A Hunger Fantasy
George Grosz

George Grosz

1893 - 1959

George Grosz was a German artist known especially for his caricatural drawings and paintings of Berlin life in the 1920s. He was a prominent member of the Berlin Dada and New Objectivity groups during the Weimar Republic. He emigrated to the United States in 1933, and became a naturalized citizen in 1938. Abandoning the style and subject matter of his earlier work, he exhibited regularly and taught for many years at the Art Students League of New York. In 1959 he returned to Berlin, where he died shortly afterwards.

Although Grosz made his first oil paintings in 1912 while still a student,

his earliest oils that can be identified date from 1916.

By 1914, Grosz worked in a style influenced by Expressionism and Futurism, as well as by popular illustration, graffiti, and children's drawings. Sharply outlined forms are often treated as if transparent. The City (1916-17) was the first of his many paintings of the modern urban scene. Other examples include the apocalyptic Explosion (1917), Metropolis (1917), and The Funeral, a 1918 painting depicting a mad funeral procession. He settled in Berlin in 1918 and was a founder of the Berlin Dada movement, using his satirical drawings to attack bourgeois supporters of the Weimar Republic.

His drawings, usually in pen and ink which he sometimes developed further with watercolor, frequently included images of Berlin and the Weimar Republic in the 1920s. Corpulent businessmen, wounded soldiers, prostitutes, sex crimes and orgies were his great subjects (for example, see Fit for Active Service). His draftsmanship was excellent although the works for which he is best known adopt a deliberately crude form of caricature in the style of Jugend. His oeuvre includes a few absurdist works, such as Remember Uncle August the Unhappy Inventor which has buttons sewn on it, and also includes a number of erotic artworks.

After his emigration to the USA in 1933, Grosz "sharply rejected [his] previous work, and caricature in general." In place of his earlier corrosive vision of the city, he now painted conventional nudes and many landscape watercolors. More acerbic works, such as Cain, or Hitler in Hell (1944), were the exception. In his autobiography, he wrote: "A great deal that had become frozen within me in Germany melted here in America and I rediscovered my old yearning for painting. I carefully and deliberately destroyed a part of my past." Although a softening of his style had been apparent since the late 1920s, Grosz's work assumed a more sentimental tone in America, a change generally seen as a decline. His late work never achieved the critical success of his Berlin years.

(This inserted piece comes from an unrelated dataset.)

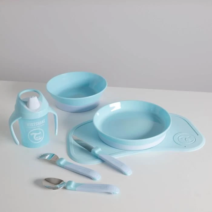 Twistshake Lot De Vaisselle – Bébé – 4 Pcs-1 Set De Table – 1 Assiette – 1 Bol – 3 Couverts En Acier Inoxydable – 1 Gobelet-6m+-Bleu

In 1968, the Heckscher Museum of Art in Huntington purchased the painting Eclipse of the Sun for $15,000.00, raising the money by public subscription. As it portrays the warmongering of arms manufacturers, this painting became a destination of protesters of the Vietnam War in Heckscher Park (where the museum is sited) in the late 1960s and early 70s.

In 2006, the Heckscher proposed selling Eclipse of the Sun at its then-current appraisal of approximately $19,000,000.00 to pay for repairs and renovations to the building. There was such public outcry that the museum decided not to sell, and announced plans to create a dedicated space for display of the painting in the renovated museum.